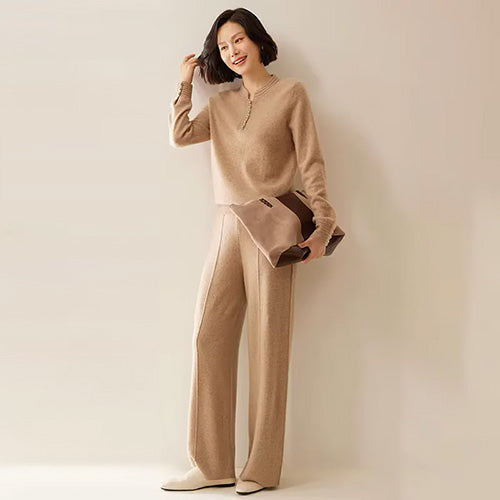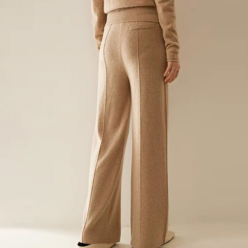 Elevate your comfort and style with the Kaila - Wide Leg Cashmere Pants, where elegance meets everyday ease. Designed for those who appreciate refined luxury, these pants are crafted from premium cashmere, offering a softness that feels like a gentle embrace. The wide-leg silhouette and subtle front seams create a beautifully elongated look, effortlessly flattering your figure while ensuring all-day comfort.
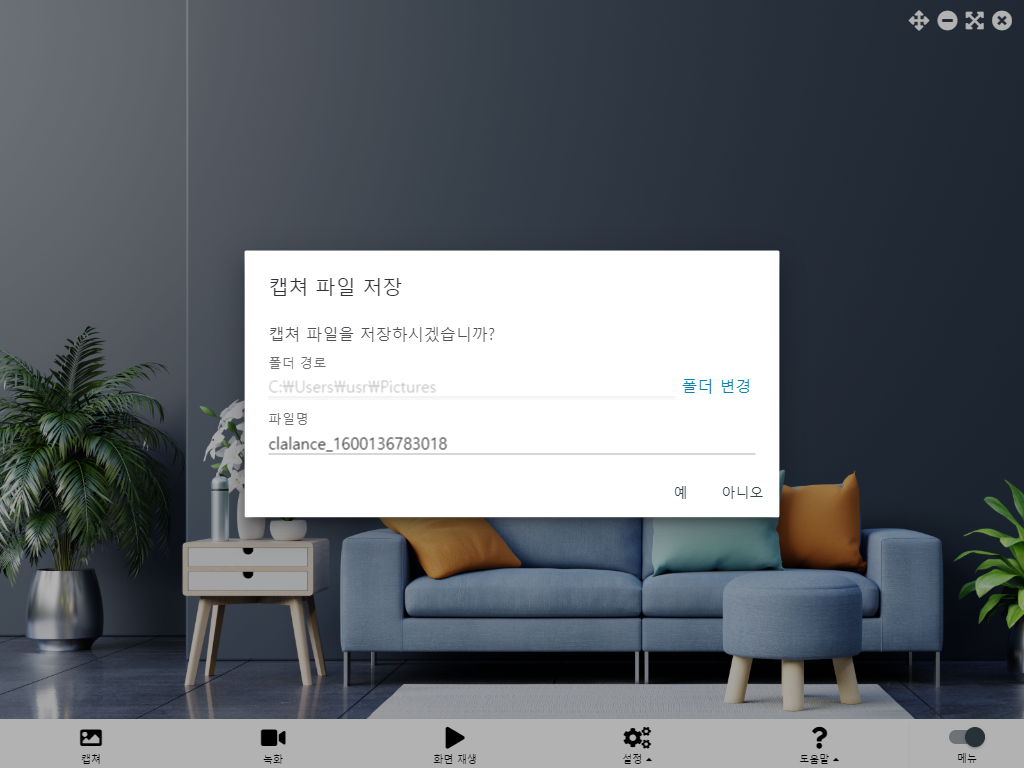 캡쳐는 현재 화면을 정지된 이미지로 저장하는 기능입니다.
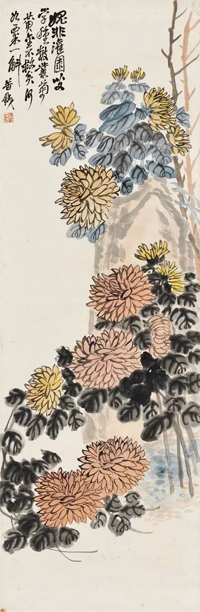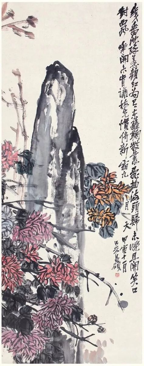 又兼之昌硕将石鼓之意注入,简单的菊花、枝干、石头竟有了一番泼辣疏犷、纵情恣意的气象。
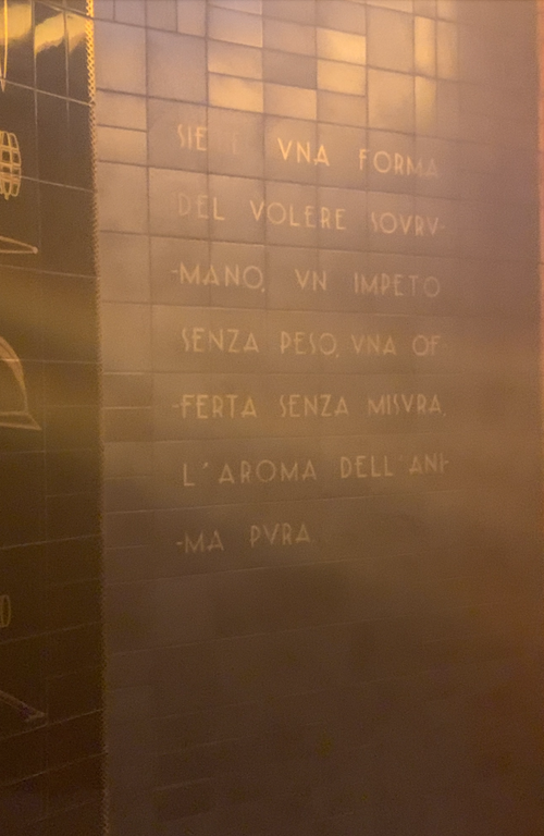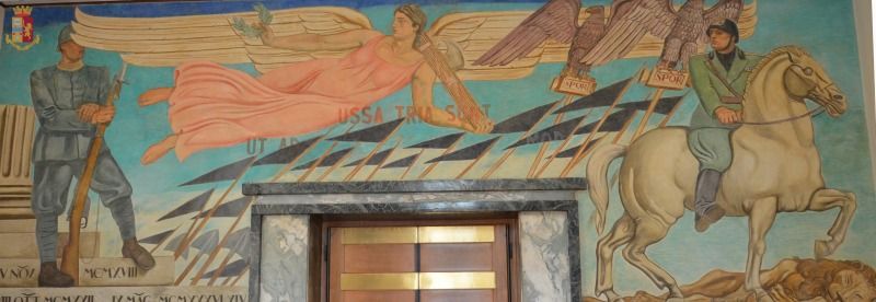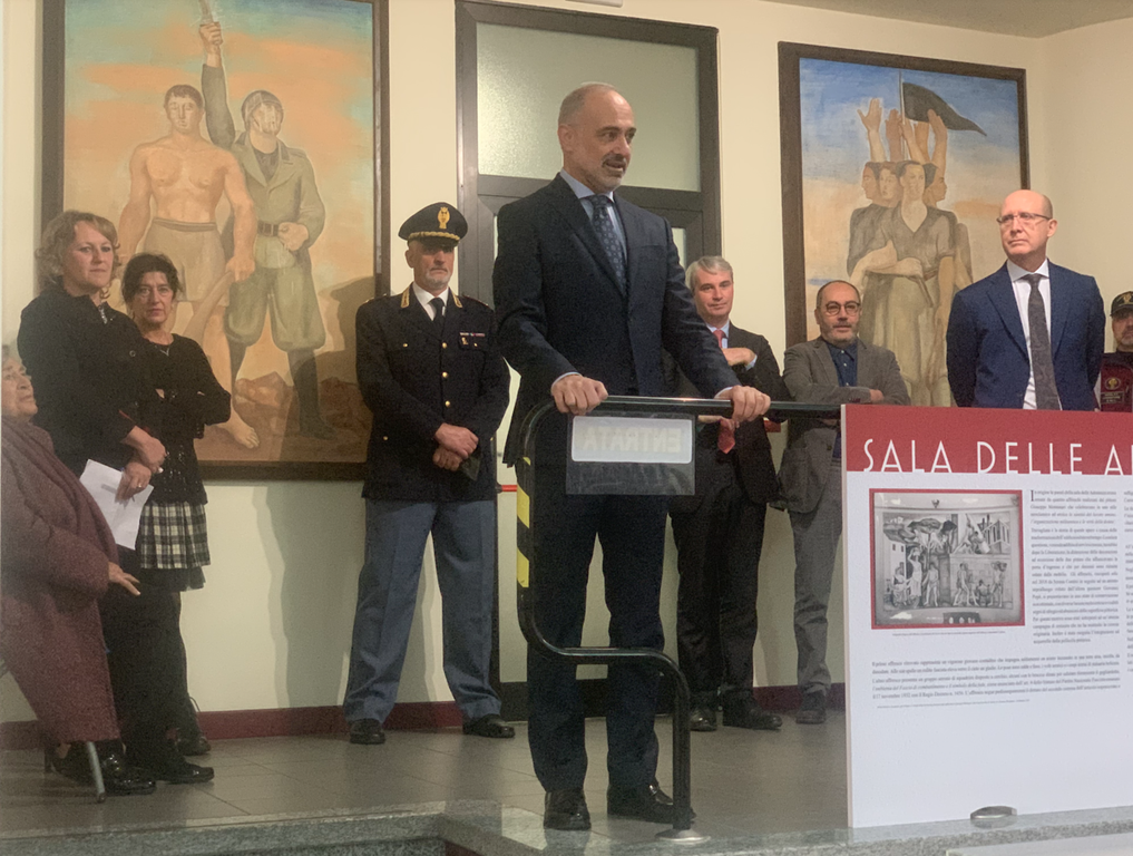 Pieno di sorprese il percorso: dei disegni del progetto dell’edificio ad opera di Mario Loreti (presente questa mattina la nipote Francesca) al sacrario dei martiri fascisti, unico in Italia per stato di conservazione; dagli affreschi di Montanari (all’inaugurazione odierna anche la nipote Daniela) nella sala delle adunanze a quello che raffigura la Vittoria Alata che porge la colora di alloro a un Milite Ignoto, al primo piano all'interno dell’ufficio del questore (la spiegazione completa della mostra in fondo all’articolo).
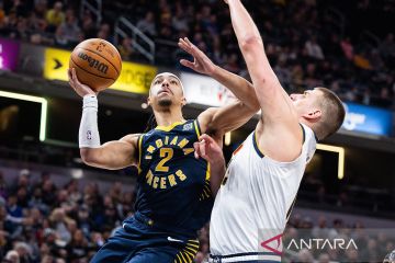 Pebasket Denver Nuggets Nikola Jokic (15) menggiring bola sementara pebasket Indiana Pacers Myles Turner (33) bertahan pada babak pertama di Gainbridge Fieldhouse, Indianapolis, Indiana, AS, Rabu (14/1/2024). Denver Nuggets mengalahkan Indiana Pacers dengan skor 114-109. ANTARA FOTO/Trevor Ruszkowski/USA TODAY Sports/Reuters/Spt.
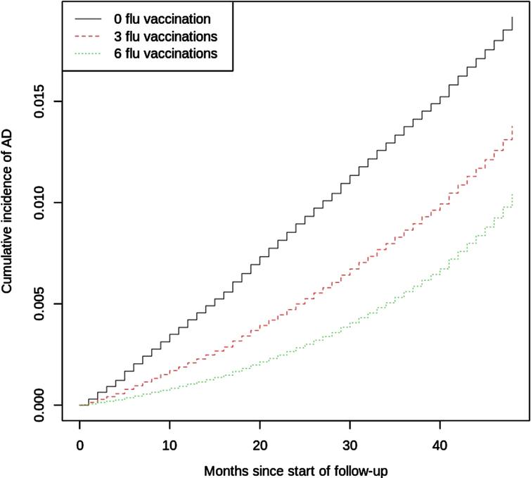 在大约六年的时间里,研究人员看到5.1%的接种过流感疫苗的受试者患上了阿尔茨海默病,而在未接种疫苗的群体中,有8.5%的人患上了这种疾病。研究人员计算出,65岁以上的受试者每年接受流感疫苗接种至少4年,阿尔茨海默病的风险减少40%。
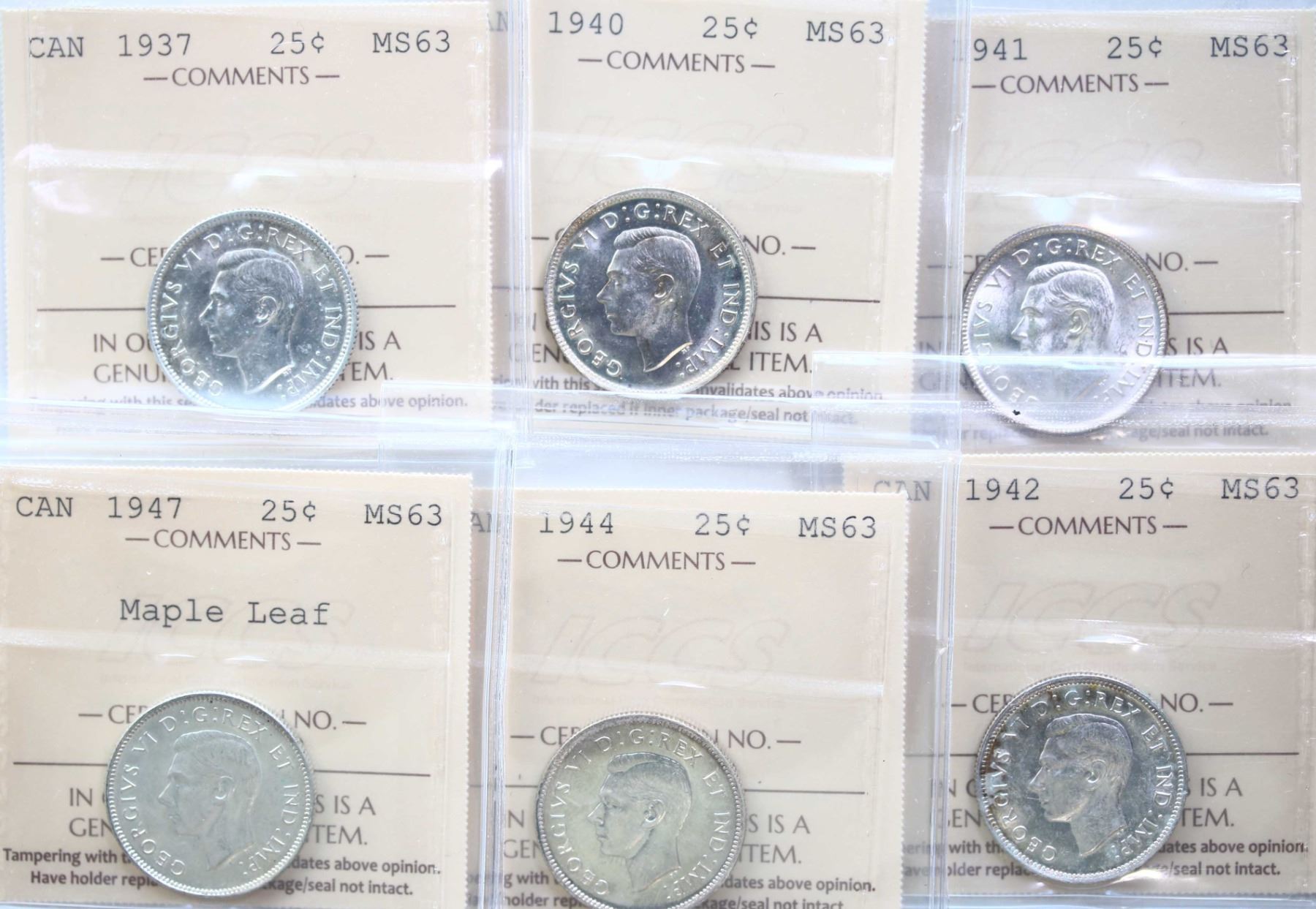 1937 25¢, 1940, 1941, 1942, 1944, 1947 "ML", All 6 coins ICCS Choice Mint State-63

____

### Aim of the exercise
Each line of the material goes into your copy unchanged, but no picture does.

### Exercise result
 Elevate your comfort and style with the Kaila - Wide Leg Cashmere Pants, where elegance meets everyday ease. Designed for those who appreciate refined luxury, these pants are crafted from premium cashmere, offering a softness that feels like a gentle embrace. The wide-leg silhouette and subtle front seams create a beautifully elongated look, effortlessly flattering your figure while ensuring all-day comfort.
 캡쳐는 현재 화면을 정지된 이미지로 저장하는 기능입니다.
 又兼之昌硕将石鼓之意注入,简单的菊花、枝干、石头竟有了一番泼辣疏犷、纵情恣意的气象。
 Pieno di sorprese il percorso: dei disegni del progetto dell’edificio ad opera di Mario Loreti (presente questa mattina la nipote Francesca) al sacrario dei martiri fascisti, unico in Italia per stato di conservazione; dagli affreschi di Montanari (all’inaugurazione odierna anche la nipote Daniela) nella sala delle adunanze a quello che raffigura la Vittoria Alata che porge la colora di alloro a un Milite Ignoto, al primo piano all'interno dell’ufficio del questore (la spiegazione completa della mostra in fondo all’articolo).
 Pebasket Denver Nuggets Nikola Jokic (15) menggiring bola sementara pebasket Indiana Pacers Myles Turner (33) bertahan pada babak pertama di Gainbridge Fieldhouse, Indianapolis, Indiana, AS, Rabu (14/1/2024). Denver Nuggets mengalahkan Indiana Pacers dengan skor 114-109. ANTARA FOTO/Trevor Ruszkowski/USA TODAY Sports/Reuters/Spt.
 在大约六年的时间里,研究人员看到5.1%的接种过流感疫苗的受试者患上了阿尔茨海默病,而在未接种疫苗的群体中,有8.5%的人患上了这种疾病。研究人员计算出,65岁以上的受试者每年接受流感疫苗接种至少4年,阿尔茨海默病的风险减少40%。
 1937 25¢, 1940, 1941, 1942, 1944, 1947 "ML", All 6 coins ICCS Choice Mint State-63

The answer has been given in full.